Neutralizing antibody kinetics: GMTs through 1 Year postdose 3 (per-protocol population).

DENV = Dengue Virus; GMT = Geometric Mean Titer; Panel A: Low-Dose V180 Cohort; Note: The arrows indicate when the study product (V180/placebo) was administered. Some data points for unadjuvanted V180 are < 10, and hidden by the placebo arm. Study Month 3 is 28 days Postdose 3; Panel B: Medium-Dose V180 Cohort; Note: The arrows indicate when the study product (V180/placebo) was administered. All data points for unadjuvanted V180 and some data points for the V180 with Alhydrogel are < 10, and hidden by the placebo arm. Study Month 3 is 28 days Postdose 3; Panel C: High-Dose V180 Cohort; Note: The arrows indicate when the study product (V180/placebo) was administered. Some data points for unadjuvanted V180 are < 10, and hidden by the placebo arm. Study Month 3 is 28 days Postdose 3

The proportions of participants exhibiting a tetravalent (FRNT50 titers ≥10 for all 4 dengue serotypes) or a ≥trivalent (FRNT50 titers ≥10 for 3 or 4 dengue serotypes) response are shown by time in Figure 3A and B, respectively. Among the ISCOMATRIX™ adjuvant groups, tetravalent responses were observed in 71 to 88% at Month 2, 86 to 100% at Month 3, 43 to 72% at Month 8, and 0 to 43% at Month 14, while ≥trivalent responses were observed in 100% of recipients at Months 2 and 3, 57 to 100% at Month 8, and 29 to 86% at Month 14. Tetravalent or ≥trivalent responses were exhibited by lower proportions of recipients of medium-dose V180 with Alhydrogel or high-dose unadjuvanted V180, and by no recipients of medium-dose unadjuvanted V180. In the majority of instances when participants had FRNT50 titers ≥10 for only 3 seotypes, DENV4 was the serotype with a titer <10.

Figure 3B.

Proportions of participants with a tetravalent response, by study month (per-protocol population).

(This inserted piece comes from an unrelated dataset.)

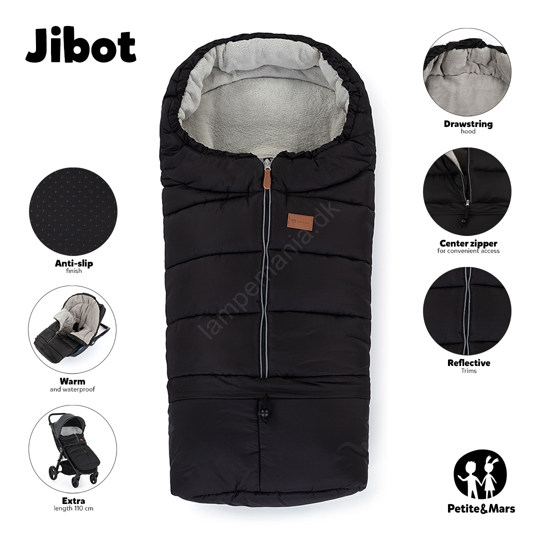 • Varm forlængelig sovepose Jibot 3-i-1 til babyen og varme handsker Jasie til barnevognen til mor.

Note: The arrows indicate when the study product (V180/placebo) was administered. The 0% data points for groups other than placebo are hidden by the placebo group. Tetravalent Response = FRNT50 titers ≥10 for all 4 DENV serotypes.Study Month 3 is 28 days Postdose 3.

Figure 3A.

Proportions of participants with a tetravalent response, by study month (per-protocol population).

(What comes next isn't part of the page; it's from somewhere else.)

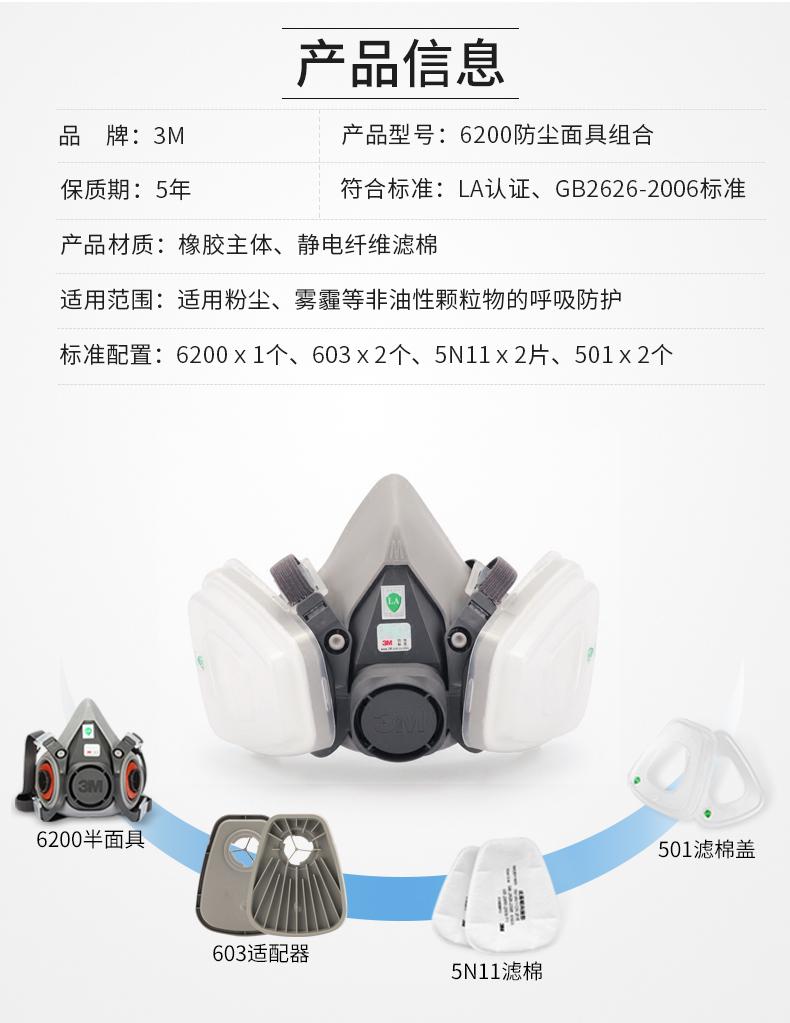 Mascarilla antipolvo 3M6200 KN95 antivirus, para decoración industrial, pulido y protección laboral, transpirable para hombres y mujeres.

Note: The arrows indicate when the study product (V180/placebo) was administered. The 0% data points for groups other than placebo are hidden by the placebo group. Tetravalent Response = FRNT50 titers ≥10 for all 4 DENV serotypes.Study Month 3 is 28 days Postdose 3.

Figure 4.

Induction of B-cell memory to each of the four DENV serotypes in a subset of 18 high-dose cohort subjects who received 3 injections of study product (vaccine/placebo).

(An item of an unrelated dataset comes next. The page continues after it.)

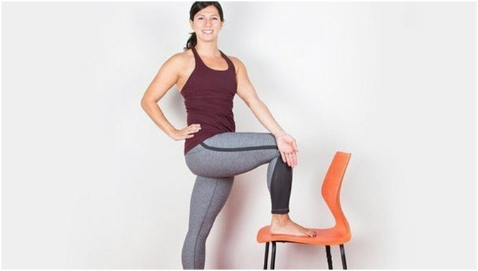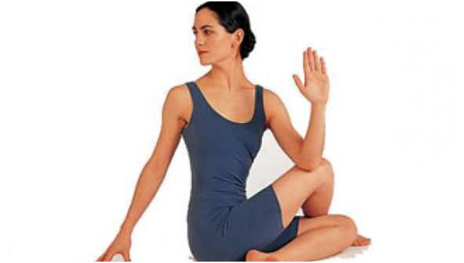 Diese Pose eignet sich hervorragend für Menschen, die nicht optimal beweglich sind und wenig Erfahrung mit fortgeschritteneren Yogastellungen haben. Stellen Sie den linken Fuß auf einen Stuhl, legen Sie die rechte Hand auf das angehobene Knie und stützen Sie die linke Hand auf Ihre Hüfte. Drehen Sie Ihren gesamten Oberkörper so weit wie möglich nach links, ohne Schmerzen zu verursachen, aber lassen Sie die Hüfte nach vorne gerichtet. Halten Sie die Endposition 30 Sekunden lang, lassen Sie dann los und wiederholen Sie die Übung auf der anderen Seite.

Blood samples to assess B-cell memory were collected at 2 time points (at Study Month 0 immediately before the first injection, and at Study Month 3 [28 days Postdose 3]) in 18 high-dose cohort participants: 5 recipients of V180 with 30 ISCO™ units of ISCOMATRIX™ adjuvant, 5 recipients of V180 with 60 ISCO™ units of ISCOMATRIX™ adjuvant, 5 recipients of unadjuvanted V180, and 3 placebo recipients.Panel A: Change in Proportion of Dengue-specific memory B cells from Study Month 0 (prevaccination baseline) to Study Month 3 (28 days Postdose 3)Note: Each line represents the data for 1 participantPanel B: Dengue-specific memory B cell frequencies at Study Month 3 (28 days Postdose 3)Note: ASC = antibody secreting cells

Memory B-cell responses

Induction of B-cell memory to each of the four DENV serotypes was observed in peripheral blood mononuclear cells among all participants who received 3 injections of high-dose V180 with ISCOMATRIX™ adjuvant (30 or 60 ISCO™ units) at 28 Days Postdose 3, the mean number of dengue-specific memory B cells in these recipients had increased in frequency by 1 to 2 logs over the pre-vaccination baseline (Figure 4A). In contrast, the mean change ranged from a 0.4-log decrease to 1-log increase among recipients of unadjuvanted high-dose V180, and generally increased <1 log among placebo recipients. Among recipients of 3 injections of V180 with ISCOMATRIX™ adjuvant, at 28 Days Postdose 3, dengue-specific memory B cells comprised 0.1 to 3% of total IgG secreting cells (Figure 4A), and the frequencies of dengue-specific memory B cells appeared generally balanced across the four dengue serotypes (Figure 4B).

Safety

All 9 V180 formulations were generally well tolerated. Participants assessed the majority of adverse events (AEs) to be of mild or moderate intensity. There were no serious AEs (SAEs) or deaths during the trial.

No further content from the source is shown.